Menteri Pertahanan Rusia, Andrei Belousov, dalam pernyataan yang disiarkan di televisi, mengatakan latihan ini bertujuan untuk berlatih melancarkan “serangan nuklir besar-besaran oleh pasukan ofensif strategis sebagai respons terhadap serangan nuklir oleh musuh.” Latihan tersebut melibatkan “tiga serangkai” nuklir Rusia, yakni rudal yang diluncurkan dari darat, laut, dan udara.
Latihan mencakup peluncuran rudal balistik antarbenua Yars dari Kosmodrom Plesetsk di Rusia barat laut menuju Kamchatka di Timur Jauh, peluncuran rudal balistik Sineva dan Bulava dari kapal selam, serta rudal jelajah dari pesawat pembom strategis, seperti dikonfirmasi oleh Kementerian Pertahanan Rusia.
Latihan ini berlangsung di momen kritis bagi Rusia yang semakin terlibat dalam konflik dengan Ukraina. Rusia memberi sinyal kepada Barat bahwa Moskow akan merespons jika Amerika Serikat dan sekutunya mengizinkan Ukraina melancarkan serangan rudal jarak jauh ke dalam wilayah Rusia. Pada hari Senin, NATO mengklaim Korea Utara telah mengirim pasukan ke Rusia barat, sebuah tuduhan yang tidak dibantah oleh Moskow.
Putin menegaskan, persenjataan nuklir Rusia adalah “penjamin kedaulatan dan keamanan negara.” Ia mengingatkan, bahwa penggunaan senjata nuklir oleh Rusia akan menjadi “tindakan ekstrem” untuk memastikan keamanannya.
Latihan ini mengikuti latihan lain pada 18 Oktober di wilayah Tver, barat laut Moskow, yang melibatkan pergerakan lapangan dengan rudal balistik antarbenua Yars yang mampu menjangkau kota-kota di AS. Sejak perang dimulai, Rusia telah mengubah sikapnya terhadap perjanjian nuklir utama dan menyebarkan rudal nuklir taktis di Belarus.

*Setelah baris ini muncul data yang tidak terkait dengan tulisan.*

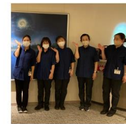
・家族 ・地域 ・スタッフ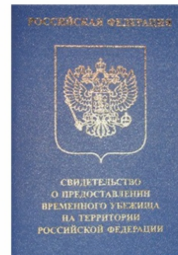
Свидетельство о предоставлении временного убежища на территории РФ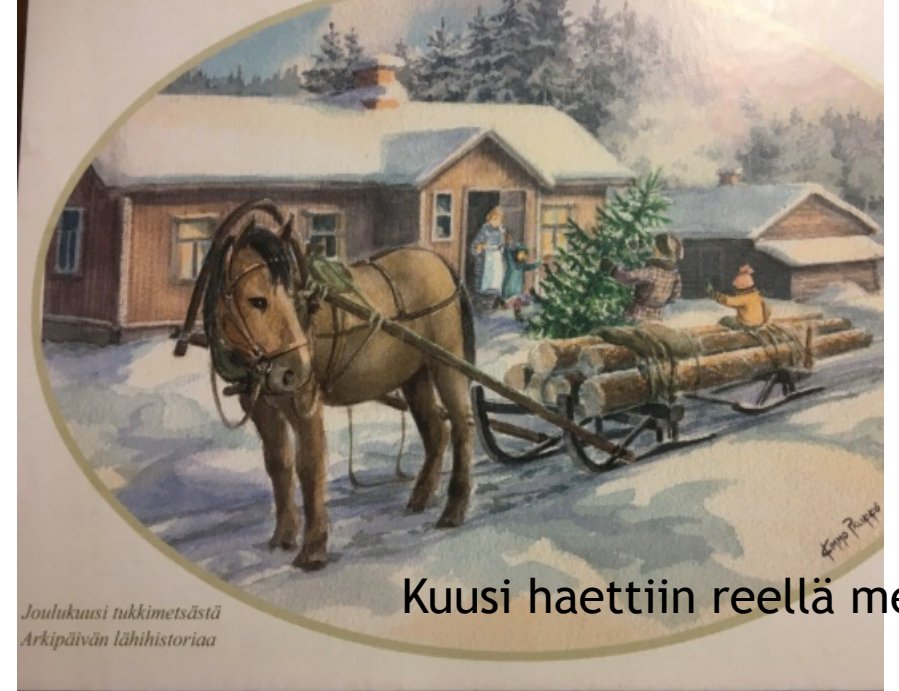
Joulukuusi tukkimetsästä Arkipäivän lähistoriaa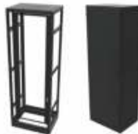
Gabinets Desarmables con Rack Abatible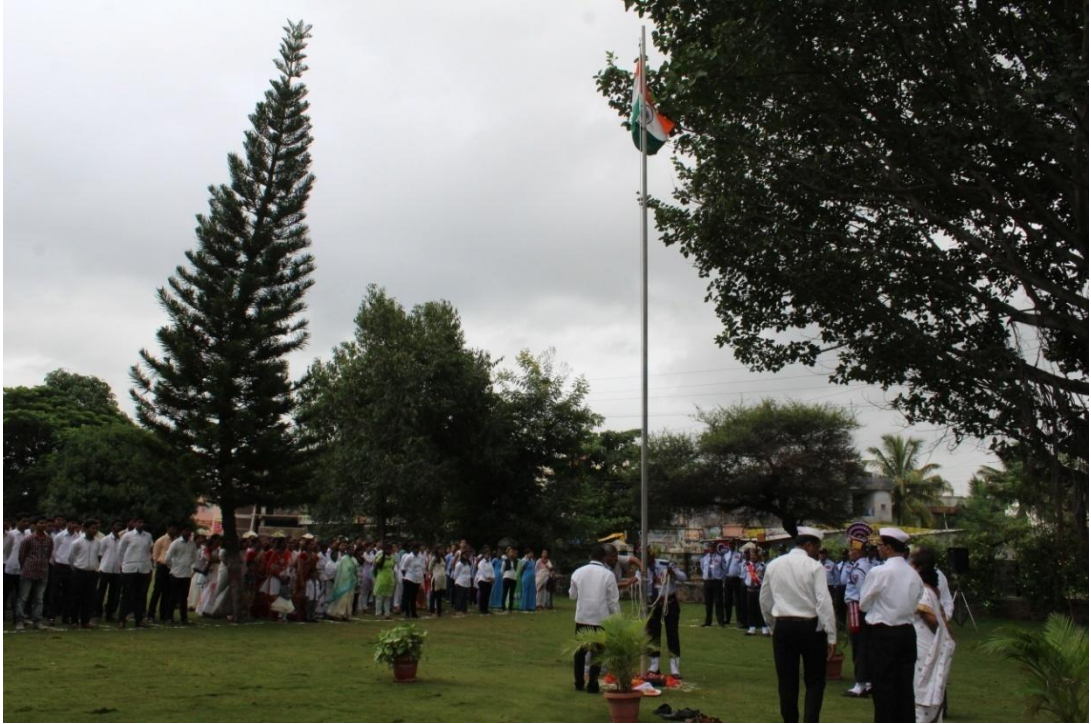
दिनांक १५ ऑगस्ट या दिवशी महाविद्यालयामध्ये ध्वजारोहण समारंभ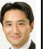
衆議院議員 藤野保史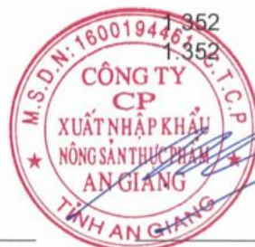
Chủ tịch HĐQT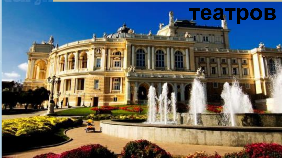
Одесский оперный театр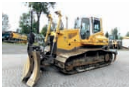
Бульдозеры Liebherr PR 724 L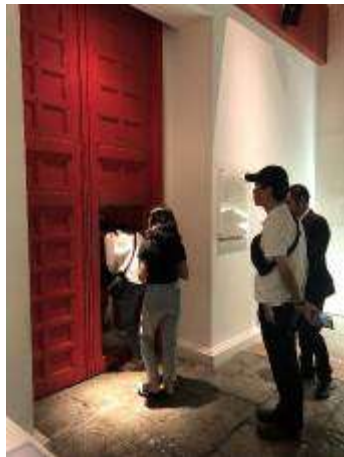
▼穿越狹窄的城門設計 進入皇宮生活展區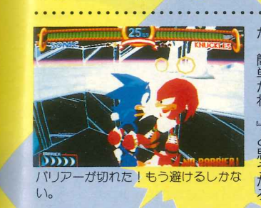
バリアが切れた!もう避けるしかない。

アメリカン・カートゥーン 今まで数回にわたって紹介してきたソニック・ザ・ファイターズだが、この号が出るころには街で直接目にした人も多かったろう。 かわいらしいキャラクターたちの愛らしい動き、おそろくそれが第一印象として残るものと思う。 そう、この柔らかく弾力感のある動きこそがこのゲームの特徴のひとつであることは間違いない。まさにアメリカン・カートゥーン(アメリカのアニメ)のような世界を体験させてくれるゲームなのだ。さてこの見開きページの両脇を飾るモモの連続写真、実は下欄のストーリーをさりげなく表している。こちらへも何げにアニメチックな演出だけを見る同社のVF2に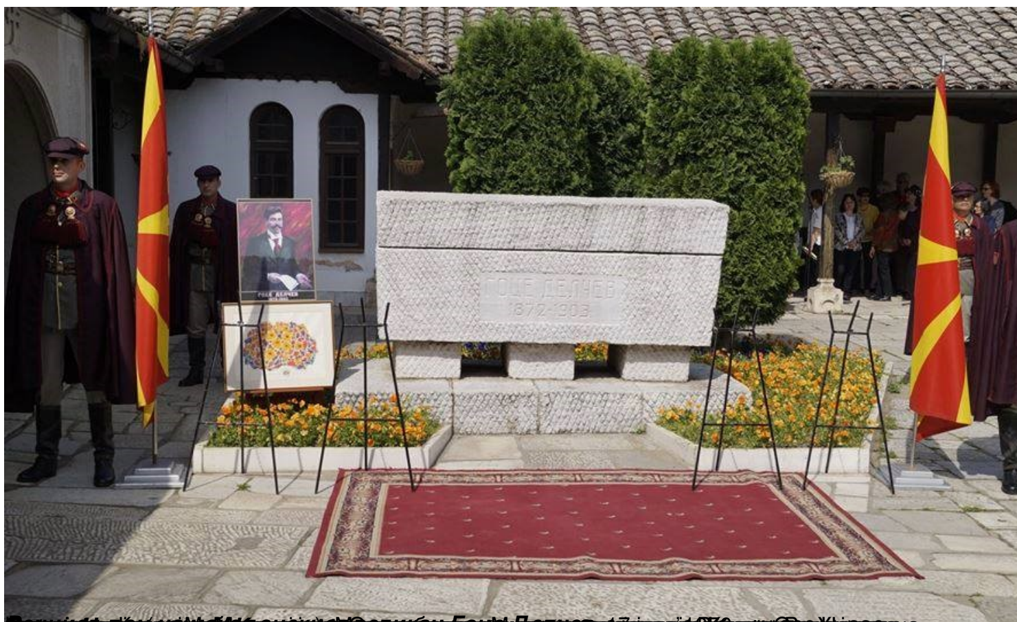
Висока македонска делегација на поклонение пред гробот на свети Кирил во Рим, 17 јануари 2021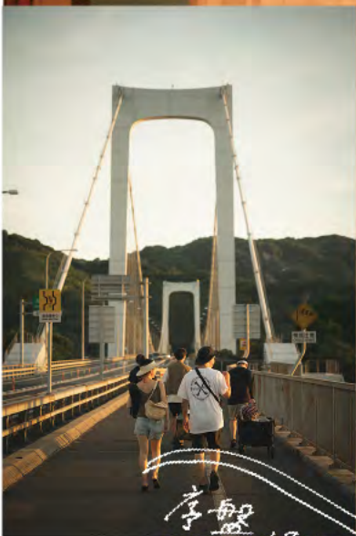
伯方島から見近島への移動にカートは必須！成人男性でも歩いて20分ほどかかる。水分補給や休憩を細目にとろう。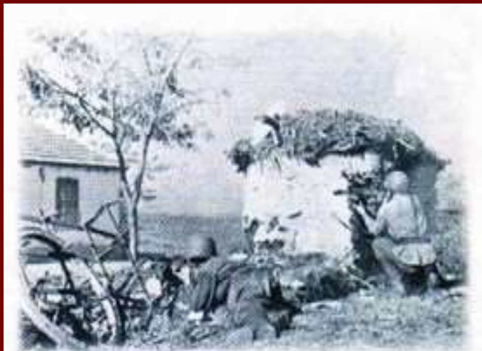
Атака. Кубань, 1943 г.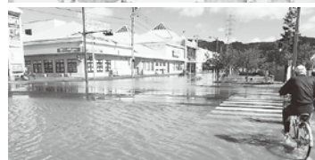
巨大化する風水害の防災が重要に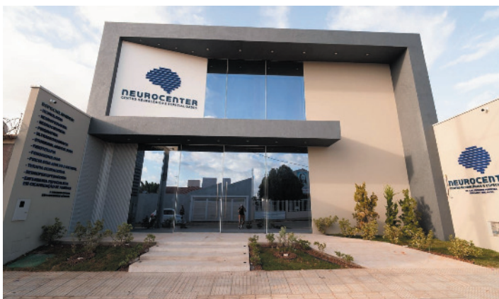
A Neurocenter está localizada na Avenida Maroto Ferreira, 377, em Salinas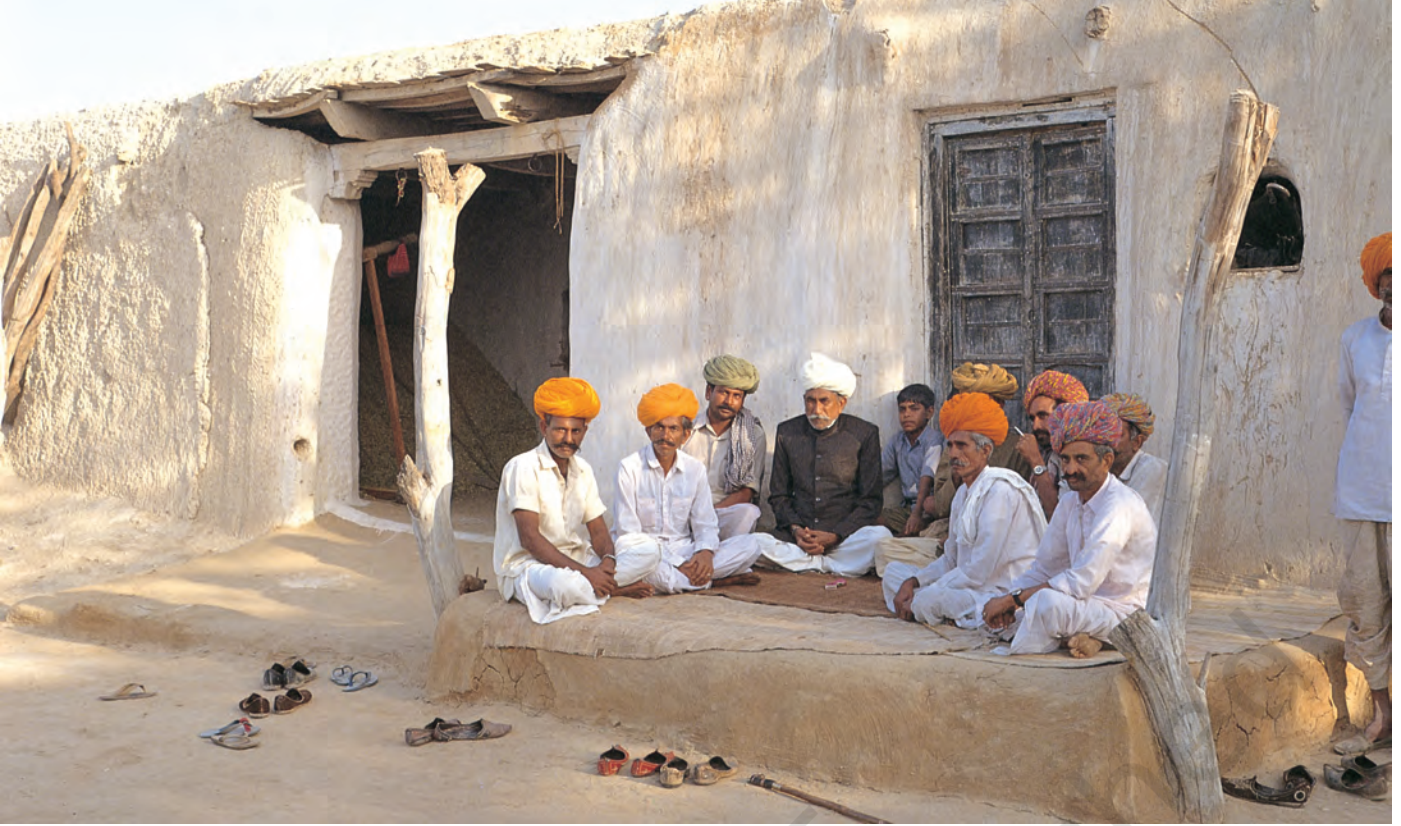
चित्र 9 - मारू राइकाओं की वंशावली बताने वाला.

वंशावली बताने वाला समुदाय का इतिहास बताता है। इस तरह की मौखिक परंपराओं से चरवाहा समुदायों को अपनी पहचान का भाव मिलता है। इन परंपराओं से हम यह पता लगा सकते हैं कि कोई समूह अपने अतीत को किस तरह देखता है।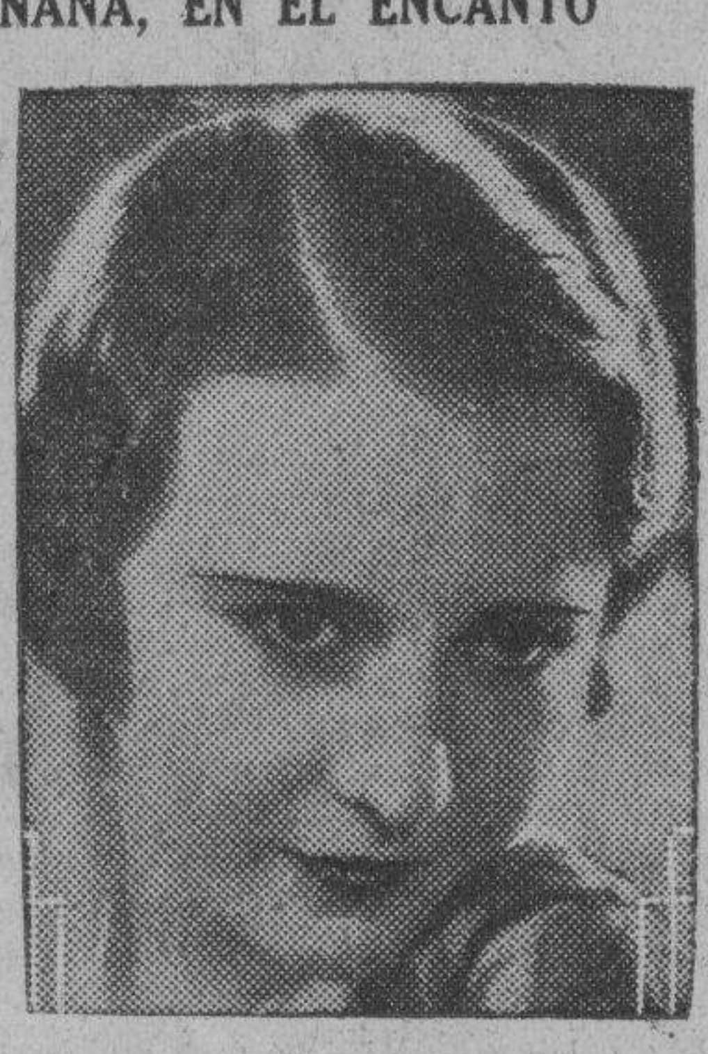
Barbara Stanwyck en «Hacienda de la vida», que se estrena mañana en el «Encanto».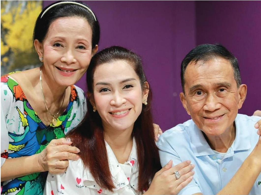
🏠 สุดอาลัย - อาต้อย-เศรษฐี ศิระฉายา อดีตนักร้อง-นักแสดงรุ่นใหญ่ และศิลปินแห่งชาติ เสียชีวิตแล้วด้วยโรคมะเร็งปอด ในวัย 77 ปี เมื่อวันที่ 20 ก.พ. ครอบครัวนำร่างประกอบพิธีศพที่วัดเทพศิรินทราวาสราชวรวิหาร กทม.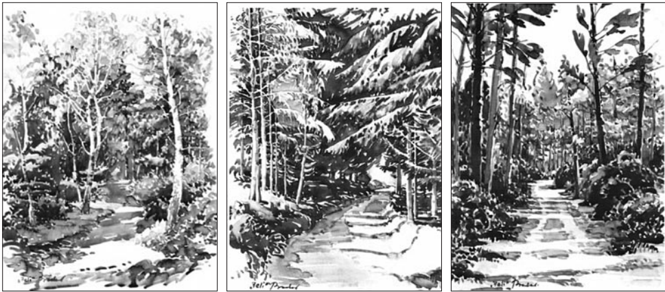
22–24. kép: Bodor Miklós: Jeli, 2002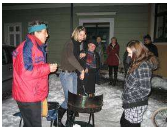
Ein Renner: Grillparty im Winter.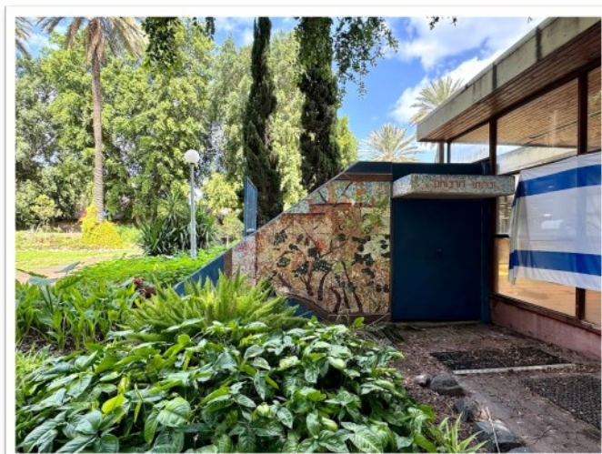
פרויקט קהילתי - פסיפס על מקלט 32 דרום, בהדרכת אסיה לשם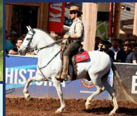
EMBRIÃO POR ELDORADO DA BOA TERRA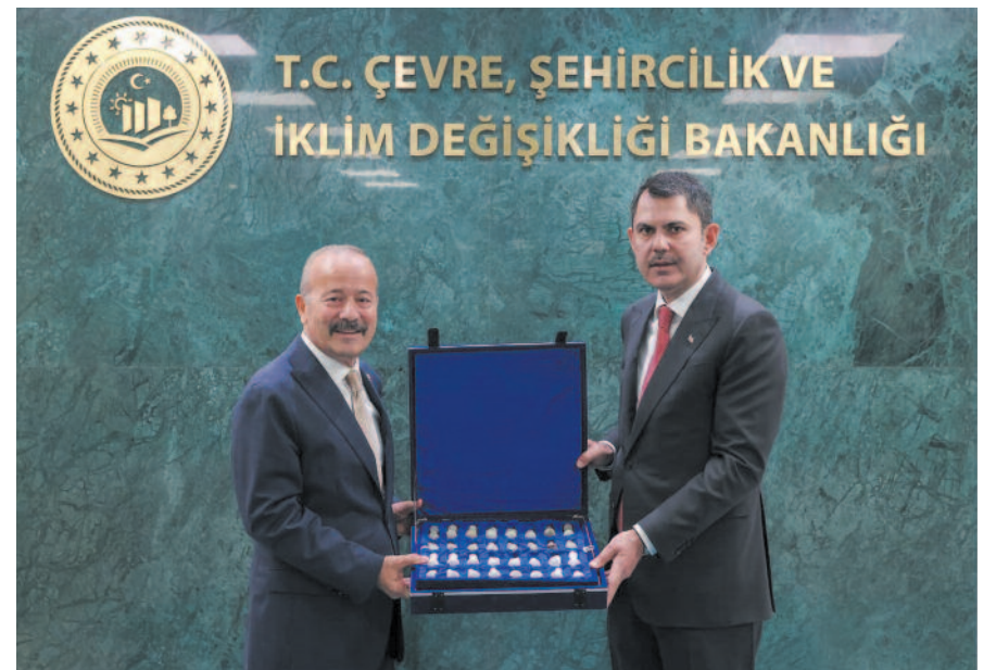
MHP Milletvekili Mehmet Taytak, Afyon'un sorunları ile yakından ilgilenmeye devam ediyor

NATO menyatakan tidak akan terintimidasi oleh ancaman Rusia, sementara Ukraina menuduh Putin melakukan “pemerasan nuklir.” Bulan lalu, Putin menyetujui perubahan dalam doktrin nuklir Rusia, memperluas skenario penggunaan senjata nuklir. Perubahan ini menyatakan bahwa serangan yang didukung kekuatan nuklir akan dianggap sebagai serangan gabungan, peringatan bagi AS agar tidak membantu Ukraina menyerang jauh ke dalam wilayah Rusia.
Meski demikian, Putin menegaskan bahwa Rusia tidak perlu menggunakan senjata nuklir untuk memenangkan perang di Ukraina. Rusia dan Amerika Serikat saat ini mengendalikan sekitar 88 persen hulu ledak nuklir dunia, menjadikan kedua negara tersebut kekuatan nuklir terbesar global.